■ **How to complete this task**: Copy the entries exactly. Leave out any pictures.

■ **Exercise input**:

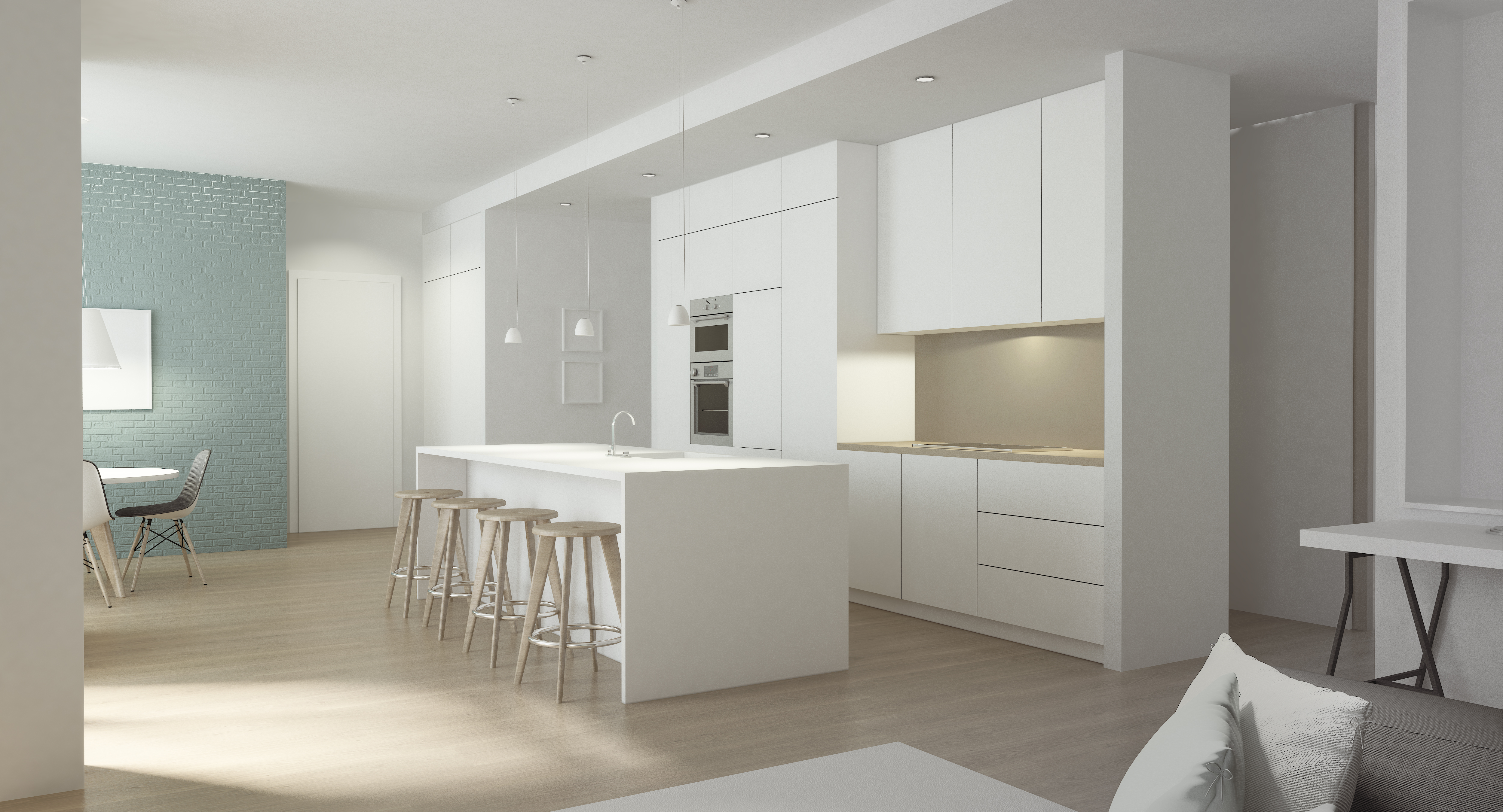 Oddychová časť bytu je od spoločenskej oddelená iba objemom kuchynskej linky v priestore a znížením podhľadu. Podhľad zároveň schoval masívny preklad a umožnil zabudovanie svietidiel. Zo vzniknutej chodby za linkou vedú do spální posuvné dvere na celú výšku priestoru. Pri ich zasunutí plne vyniká maximálne otvorené riešenie dispozície. Byt sa nachádza na 1.NP a obývacia časť je orientovaná do vnútrobloku so vzrastlou zeleňou. Aj preto bola pre interiér zvolená prevažne biela v kombinácii so svetlým drevom, doplnená o rôzne drobné farebné akcenty. Byt takto získal požadovaný charakter priestranného a svetlého bývania.
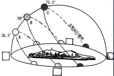 的太阳路径,其中白昼最长的是________;
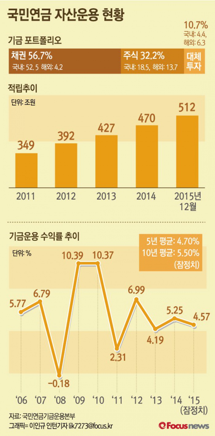 (서울=포커스뉴스) 2일 국민연금기금운용위원회에 따르면 2015년말 현재 국민연금기금 순자산은 512조3241억원으로 2014년말(469조8229억원) 대비 9.0%(42조5012억원) 증가했다.
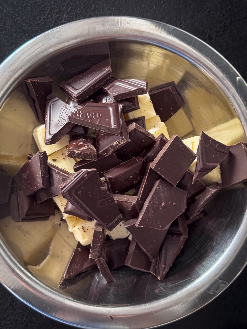 • 150 g czekolady (100 g czekolady deserowej i 50 g czekolady gorzkiej)
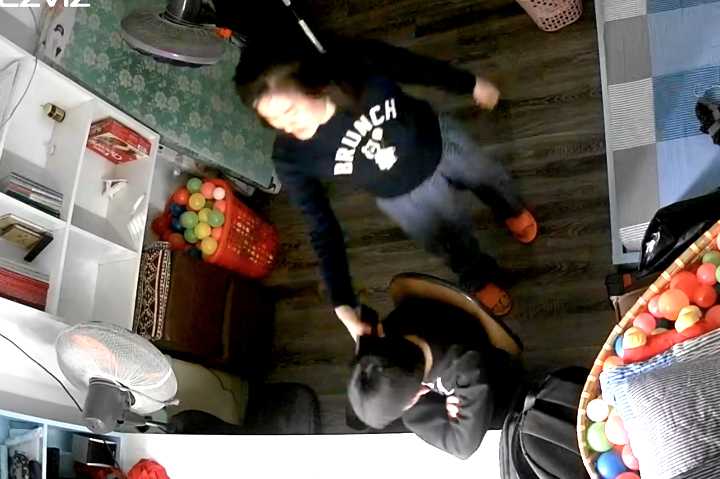 Một video trích xuất camera được đăng tải trong bài viết ghi lại hình ảnh người phụ nữ cầm điện thoại đánh vào đầu bé trai, yêu cầu bé đứng lên cúi mặt nhìn xuống bàn, không được phép ngồi ghế.
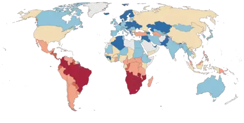Corrado Gini proposed the Gini coefficient as a measure of inequality of income or wealth.[5] For OECD countries in the late 20th century, considering the effect of taxes and transfer payments, the income Gini coefficient ranged between 0.24 and 0.49, with Slovakia being the lowest and Mexico the highest.[6] African countries had the highest pre-tax Gini coefficients in 2008–2009, with South Africa having the world's highest, estimated to be 0.63 to 0.7.[7][8] However, this figure drops to 0.52 after social assistance is taken into account and drops again to 0.47 after taxation.[9] Slovakia has the lowest Gini coefficient, with a Gini coefficient of 0.232.[10] Various sources have estimated the Gini coefficient of the global income in 2005 to be between 0.61 and 0.68.[11][12]
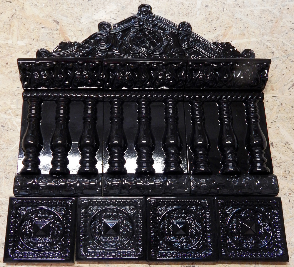 В облицовке топочной части камина задействованы гладкие изразцы, осторожно разбавленные рельефными вставками. Дымоход украшен стройной грядой колонн и «Львовских» рельефов, чередующихся с поперечными поясками. Рельефное навершие камина дополнено лепной короной.
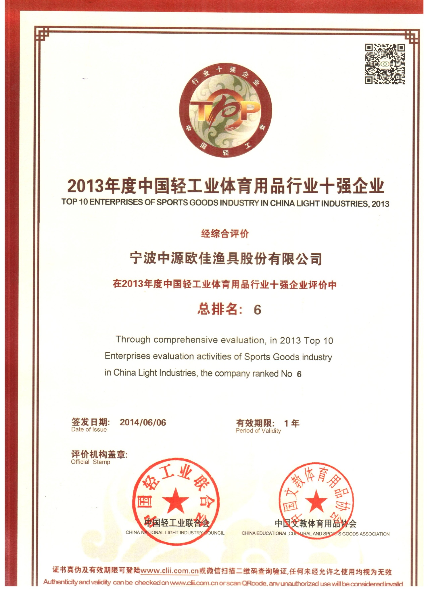 2013年輕工業(yè)體育用品十強(qiáng)

■ **Answer box**:
 Oddychová časť bytu je od spoločenskej oddelená iba objemom kuchynskej linky v priestore a znížením podhľadu. Podhľad zároveň schoval masívny preklad a umožnil zabudovanie svietidiel. Zo vzniknutej chodby za linkou vedú do spální posuvné dvere na celú výšku priestoru. Pri ich zasunutí plne vyniká maximálne otvorené riešenie dispozície. Byt sa nachádza na 1.NP a obývacia časť je orientovaná do vnútrobloku so vzrastlou zeleňou. Aj preto bola pre interiér zvolená prevažne biela v kombinácii so svetlým drevom, doplnená o rôzne drobné farebné akcenty. Byt takto získal požadovaný charakter priestranného a svetlého bývania.
 的太阳路径,其中白昼最长的是________;
 (서울=포커스뉴스) 2일 국민연금기금운용위원회에 따르면 2015년말 현재 국민연금기금 순자산은 512조3241억원으로 2014년말(469조8229억원) 대비 9.0%(42조5012억원) 증가했다.
 • 150 g czekolady (100 g czekolady deserowej i 50 g czekolady gorzkiej)
 Một video trích xuất camera được đăng tải trong bài viết ghi lại hình ảnh người phụ nữ cầm điện thoại đánh vào đầu bé trai, yêu cầu bé đứng lên cúi mặt nhìn xuống bàn, không được phép ngồi ghế.
Corrado Gini proposed the Gini coefficient as a measure of inequality of income or wealth.[5] For OECD countries in the late 20th century, considering the effect of taxes and transfer payments, the income Gini coefficient ranged between 0.24 and 0.49, with Slovakia being the lowest and Mexico the highest.[6] African countries had the highest pre-tax Gini coefficients in 2008–2009, with South Africa having the world's highest, estimated to be 0.63 to 0.7.[7][8] However, this figure drops to 0.52 after social assistance is taken into account and drops again to 0.47 after taxation.[9] Slovakia has the lowest Gini coefficient, with a Gini coefficient of 0.232.[10] Various sources have estimated the Gini coefficient of the global income in 2005 to be between 0.61 and 0.68.[11][12]
 В облицовке топочной части камина задействованы гладкие изразцы, осторожно разбавленные рельефными вставками. Дымоход украшен стройной грядой колонн и «Львовских» рельефов, чередующихся с поперечными поясками. Рельефное навершие камина дополнено лепной короной.
 2013年輕工業(yè)體育用品十強(qiáng)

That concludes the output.